Shortly after my father’s death, we are being disturbed in our possession and ownership of our property. The grandchildren of the previous owner from whom my parents bought the property recently appeared and have asked us to vacate our home, claiming that they are in possession of a Transfer Certificate of Title to the same property, which was part of the property they inherited from their deceased grandparents.
They claimed that since we never registered the sale with the Register of Deeds and there was no annotation on the Title to the property that was subject to the extra-judicial settlement among the heirs, they were able to have it transferred to their names.
The Title to the property is evidence of their ownership, and we should turn over the property to them. Do we still have any right to our home, considering that we were not able to register the sale between the original owner and our parents?
Carlos
Dear Carlos,
It is clear that your parents cannot be denied any right over the property they acquired by valid sale, despite the fact that they were not able to have such sale registered and/or annotated to the title and their failure to have the same transferred to their names.

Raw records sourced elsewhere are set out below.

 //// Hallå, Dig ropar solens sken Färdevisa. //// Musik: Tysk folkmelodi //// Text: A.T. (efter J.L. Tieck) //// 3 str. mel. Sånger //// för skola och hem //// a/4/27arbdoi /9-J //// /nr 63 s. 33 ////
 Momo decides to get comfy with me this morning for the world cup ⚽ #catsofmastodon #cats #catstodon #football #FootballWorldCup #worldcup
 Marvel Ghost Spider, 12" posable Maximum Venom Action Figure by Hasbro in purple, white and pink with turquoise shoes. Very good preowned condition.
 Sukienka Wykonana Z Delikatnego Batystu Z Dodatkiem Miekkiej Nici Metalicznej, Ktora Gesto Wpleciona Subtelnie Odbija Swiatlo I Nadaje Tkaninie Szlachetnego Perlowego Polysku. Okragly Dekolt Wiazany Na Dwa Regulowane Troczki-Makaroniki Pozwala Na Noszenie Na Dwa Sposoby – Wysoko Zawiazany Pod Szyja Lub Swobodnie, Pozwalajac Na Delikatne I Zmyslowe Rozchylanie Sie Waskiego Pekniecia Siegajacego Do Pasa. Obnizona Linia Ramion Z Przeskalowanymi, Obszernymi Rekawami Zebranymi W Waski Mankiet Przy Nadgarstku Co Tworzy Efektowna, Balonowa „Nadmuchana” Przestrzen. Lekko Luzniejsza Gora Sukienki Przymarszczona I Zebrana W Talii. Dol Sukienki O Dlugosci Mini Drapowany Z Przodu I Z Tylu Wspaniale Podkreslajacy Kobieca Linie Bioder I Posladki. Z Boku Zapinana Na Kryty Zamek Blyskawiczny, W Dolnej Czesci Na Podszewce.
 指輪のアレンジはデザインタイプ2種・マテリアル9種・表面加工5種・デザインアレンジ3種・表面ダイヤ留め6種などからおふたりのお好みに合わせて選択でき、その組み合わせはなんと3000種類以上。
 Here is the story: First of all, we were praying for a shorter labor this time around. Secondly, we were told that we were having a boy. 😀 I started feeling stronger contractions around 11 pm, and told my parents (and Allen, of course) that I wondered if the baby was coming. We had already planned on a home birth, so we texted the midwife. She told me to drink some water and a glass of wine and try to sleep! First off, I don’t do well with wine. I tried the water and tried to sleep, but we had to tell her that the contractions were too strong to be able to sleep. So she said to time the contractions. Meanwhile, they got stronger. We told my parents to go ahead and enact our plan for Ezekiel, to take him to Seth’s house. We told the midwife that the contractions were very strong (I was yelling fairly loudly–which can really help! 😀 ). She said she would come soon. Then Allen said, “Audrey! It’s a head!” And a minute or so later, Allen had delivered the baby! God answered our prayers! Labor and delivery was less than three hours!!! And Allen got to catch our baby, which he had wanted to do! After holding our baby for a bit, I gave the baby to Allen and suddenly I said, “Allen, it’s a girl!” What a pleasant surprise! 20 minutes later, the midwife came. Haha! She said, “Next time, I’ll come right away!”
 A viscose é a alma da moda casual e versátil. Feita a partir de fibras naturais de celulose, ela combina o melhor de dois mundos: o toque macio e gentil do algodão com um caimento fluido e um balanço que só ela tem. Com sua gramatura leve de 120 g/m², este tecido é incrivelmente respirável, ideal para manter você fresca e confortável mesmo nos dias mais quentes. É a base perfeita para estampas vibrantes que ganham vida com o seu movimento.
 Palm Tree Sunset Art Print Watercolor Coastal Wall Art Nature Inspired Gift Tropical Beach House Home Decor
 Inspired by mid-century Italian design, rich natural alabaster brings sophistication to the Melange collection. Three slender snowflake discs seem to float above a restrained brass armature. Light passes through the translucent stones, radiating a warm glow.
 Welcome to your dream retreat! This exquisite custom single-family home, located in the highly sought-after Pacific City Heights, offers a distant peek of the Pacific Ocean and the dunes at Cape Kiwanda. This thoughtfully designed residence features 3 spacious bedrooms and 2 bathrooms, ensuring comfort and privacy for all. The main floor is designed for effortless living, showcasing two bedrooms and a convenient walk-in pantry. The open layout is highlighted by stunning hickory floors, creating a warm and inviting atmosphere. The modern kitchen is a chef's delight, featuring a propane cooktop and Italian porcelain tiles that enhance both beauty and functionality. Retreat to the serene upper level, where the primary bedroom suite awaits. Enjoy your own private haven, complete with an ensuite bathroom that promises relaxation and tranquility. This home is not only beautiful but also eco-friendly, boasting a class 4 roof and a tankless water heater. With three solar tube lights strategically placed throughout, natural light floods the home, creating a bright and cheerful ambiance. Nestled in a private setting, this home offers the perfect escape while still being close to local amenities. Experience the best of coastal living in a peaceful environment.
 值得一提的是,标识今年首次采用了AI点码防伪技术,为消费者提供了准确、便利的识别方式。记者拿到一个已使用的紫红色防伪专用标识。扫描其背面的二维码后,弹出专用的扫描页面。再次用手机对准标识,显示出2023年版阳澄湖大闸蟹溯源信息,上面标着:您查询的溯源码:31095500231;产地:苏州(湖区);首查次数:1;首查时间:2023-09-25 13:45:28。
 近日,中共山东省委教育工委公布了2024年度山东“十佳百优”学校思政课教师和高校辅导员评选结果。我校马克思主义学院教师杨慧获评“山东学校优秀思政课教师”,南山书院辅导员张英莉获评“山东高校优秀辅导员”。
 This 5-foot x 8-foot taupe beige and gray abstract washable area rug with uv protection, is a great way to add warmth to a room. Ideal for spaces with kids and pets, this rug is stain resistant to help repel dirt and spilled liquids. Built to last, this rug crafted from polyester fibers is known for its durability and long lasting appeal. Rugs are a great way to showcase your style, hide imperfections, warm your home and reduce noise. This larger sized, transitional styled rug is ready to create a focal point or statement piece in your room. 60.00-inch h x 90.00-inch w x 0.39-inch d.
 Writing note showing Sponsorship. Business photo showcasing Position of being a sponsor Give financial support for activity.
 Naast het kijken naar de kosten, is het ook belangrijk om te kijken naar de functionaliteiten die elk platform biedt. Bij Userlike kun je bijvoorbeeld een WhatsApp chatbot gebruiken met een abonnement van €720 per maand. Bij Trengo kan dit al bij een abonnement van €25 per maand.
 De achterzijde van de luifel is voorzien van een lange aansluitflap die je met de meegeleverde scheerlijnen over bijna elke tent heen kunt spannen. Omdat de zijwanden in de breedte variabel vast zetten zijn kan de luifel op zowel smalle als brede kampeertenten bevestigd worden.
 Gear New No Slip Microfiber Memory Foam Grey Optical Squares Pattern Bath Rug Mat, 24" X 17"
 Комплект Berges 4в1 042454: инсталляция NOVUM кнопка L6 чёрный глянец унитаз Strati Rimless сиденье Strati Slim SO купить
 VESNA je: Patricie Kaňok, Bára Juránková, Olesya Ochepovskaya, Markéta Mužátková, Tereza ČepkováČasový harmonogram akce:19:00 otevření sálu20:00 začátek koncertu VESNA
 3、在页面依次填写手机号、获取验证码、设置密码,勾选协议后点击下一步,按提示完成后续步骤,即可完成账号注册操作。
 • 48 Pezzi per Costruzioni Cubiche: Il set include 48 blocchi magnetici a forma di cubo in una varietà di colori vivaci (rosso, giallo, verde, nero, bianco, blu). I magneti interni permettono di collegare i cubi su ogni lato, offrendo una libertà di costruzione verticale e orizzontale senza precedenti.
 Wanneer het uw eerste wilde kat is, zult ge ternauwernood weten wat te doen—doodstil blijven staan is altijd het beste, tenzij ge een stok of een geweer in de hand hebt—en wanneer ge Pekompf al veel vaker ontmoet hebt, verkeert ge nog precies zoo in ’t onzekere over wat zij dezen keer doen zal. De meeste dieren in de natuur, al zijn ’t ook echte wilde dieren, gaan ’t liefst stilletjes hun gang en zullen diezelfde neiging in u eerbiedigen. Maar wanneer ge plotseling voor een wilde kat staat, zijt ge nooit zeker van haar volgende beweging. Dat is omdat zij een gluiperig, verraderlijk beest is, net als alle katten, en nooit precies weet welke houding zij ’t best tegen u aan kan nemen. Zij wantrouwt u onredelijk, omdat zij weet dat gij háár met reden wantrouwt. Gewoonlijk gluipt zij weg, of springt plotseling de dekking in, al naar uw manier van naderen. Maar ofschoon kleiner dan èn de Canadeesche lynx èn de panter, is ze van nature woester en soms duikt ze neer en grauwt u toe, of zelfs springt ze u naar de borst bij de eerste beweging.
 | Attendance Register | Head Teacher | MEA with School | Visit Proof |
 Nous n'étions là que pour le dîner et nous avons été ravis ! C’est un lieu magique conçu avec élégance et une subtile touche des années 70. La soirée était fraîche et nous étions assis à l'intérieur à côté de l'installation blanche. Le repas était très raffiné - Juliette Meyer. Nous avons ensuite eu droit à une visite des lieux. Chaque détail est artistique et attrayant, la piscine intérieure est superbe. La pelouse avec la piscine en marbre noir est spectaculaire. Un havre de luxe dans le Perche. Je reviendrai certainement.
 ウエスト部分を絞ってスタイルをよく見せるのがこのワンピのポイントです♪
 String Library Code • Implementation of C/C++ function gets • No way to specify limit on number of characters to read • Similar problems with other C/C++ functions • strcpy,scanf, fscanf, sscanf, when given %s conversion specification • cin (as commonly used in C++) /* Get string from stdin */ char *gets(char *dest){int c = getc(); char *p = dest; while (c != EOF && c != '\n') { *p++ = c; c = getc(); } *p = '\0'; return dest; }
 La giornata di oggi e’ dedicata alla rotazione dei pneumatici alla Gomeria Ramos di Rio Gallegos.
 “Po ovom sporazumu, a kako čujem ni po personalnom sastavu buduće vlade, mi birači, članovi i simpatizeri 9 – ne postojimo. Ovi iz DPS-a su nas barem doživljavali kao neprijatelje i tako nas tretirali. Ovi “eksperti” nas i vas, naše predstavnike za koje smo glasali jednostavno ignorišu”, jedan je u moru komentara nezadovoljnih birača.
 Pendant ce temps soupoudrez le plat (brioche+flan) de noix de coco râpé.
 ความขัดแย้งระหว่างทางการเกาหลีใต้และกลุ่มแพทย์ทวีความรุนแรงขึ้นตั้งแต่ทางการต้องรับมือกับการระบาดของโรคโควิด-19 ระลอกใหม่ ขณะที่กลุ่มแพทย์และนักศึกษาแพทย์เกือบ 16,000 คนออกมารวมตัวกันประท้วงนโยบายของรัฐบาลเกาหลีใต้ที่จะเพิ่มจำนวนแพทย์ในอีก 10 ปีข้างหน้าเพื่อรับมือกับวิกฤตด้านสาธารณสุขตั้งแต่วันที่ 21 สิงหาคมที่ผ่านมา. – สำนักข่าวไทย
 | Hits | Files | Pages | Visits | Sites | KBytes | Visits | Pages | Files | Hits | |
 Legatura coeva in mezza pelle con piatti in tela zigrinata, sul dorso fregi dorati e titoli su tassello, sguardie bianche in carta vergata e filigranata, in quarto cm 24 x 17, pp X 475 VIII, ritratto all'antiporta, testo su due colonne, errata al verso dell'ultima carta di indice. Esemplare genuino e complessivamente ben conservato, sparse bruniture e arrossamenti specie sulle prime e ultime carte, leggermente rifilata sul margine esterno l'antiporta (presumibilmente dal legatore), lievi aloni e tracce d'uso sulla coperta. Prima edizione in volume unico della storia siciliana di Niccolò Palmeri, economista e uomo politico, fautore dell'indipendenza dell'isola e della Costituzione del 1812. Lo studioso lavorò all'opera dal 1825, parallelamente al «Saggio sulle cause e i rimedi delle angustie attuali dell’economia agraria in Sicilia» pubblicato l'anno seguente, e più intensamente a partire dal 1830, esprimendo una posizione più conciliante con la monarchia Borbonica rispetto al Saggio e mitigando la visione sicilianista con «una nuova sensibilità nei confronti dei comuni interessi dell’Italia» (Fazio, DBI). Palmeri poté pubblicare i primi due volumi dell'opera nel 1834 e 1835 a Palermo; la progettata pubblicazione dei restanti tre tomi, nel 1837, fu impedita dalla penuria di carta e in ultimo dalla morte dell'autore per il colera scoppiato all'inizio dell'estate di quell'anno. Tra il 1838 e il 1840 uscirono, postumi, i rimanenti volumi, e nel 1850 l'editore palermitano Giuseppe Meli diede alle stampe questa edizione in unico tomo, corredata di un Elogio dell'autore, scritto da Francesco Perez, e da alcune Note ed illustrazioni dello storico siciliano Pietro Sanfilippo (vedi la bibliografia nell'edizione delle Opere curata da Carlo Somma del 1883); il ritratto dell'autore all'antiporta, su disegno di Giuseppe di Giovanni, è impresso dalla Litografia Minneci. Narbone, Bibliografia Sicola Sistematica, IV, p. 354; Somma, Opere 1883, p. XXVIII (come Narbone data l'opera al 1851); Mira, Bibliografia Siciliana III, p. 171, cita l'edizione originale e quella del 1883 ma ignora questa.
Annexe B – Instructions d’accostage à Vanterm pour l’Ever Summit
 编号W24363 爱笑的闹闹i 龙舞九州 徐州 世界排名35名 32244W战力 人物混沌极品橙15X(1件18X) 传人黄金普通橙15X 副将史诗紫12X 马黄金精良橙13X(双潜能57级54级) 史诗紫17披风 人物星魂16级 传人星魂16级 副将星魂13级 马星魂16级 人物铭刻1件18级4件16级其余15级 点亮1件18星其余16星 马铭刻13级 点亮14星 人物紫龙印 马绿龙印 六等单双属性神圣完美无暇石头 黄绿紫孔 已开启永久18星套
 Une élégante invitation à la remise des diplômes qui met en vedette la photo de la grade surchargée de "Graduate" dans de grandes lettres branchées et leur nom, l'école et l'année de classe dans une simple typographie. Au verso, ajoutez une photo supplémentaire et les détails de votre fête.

You and your mother may institute a case to nullify the extra-judicial settlement and for the subject property to be segregated from the partition made by the original owner’s heirs. You may raise as an issue your right as buyers in good faith, to determine if the property in question could still be part of the estate of the original owners that could be passed down to the heirs by succession.
The question of ownership of the property will be determined by the validity and due execution of the deed of sale between the seller and buyer (your parents and the original owner), as against the ownership claimed by the heirs by succession. The fact that the grandchildren were able to transfer the title of the property to their names, will not deprive you of your rights over the property, as registration is not a mode of acquiring ownership.
They cannot become the owners of the subject property by virtue of succession if, in the first place, the original owner sold it during his lifetime.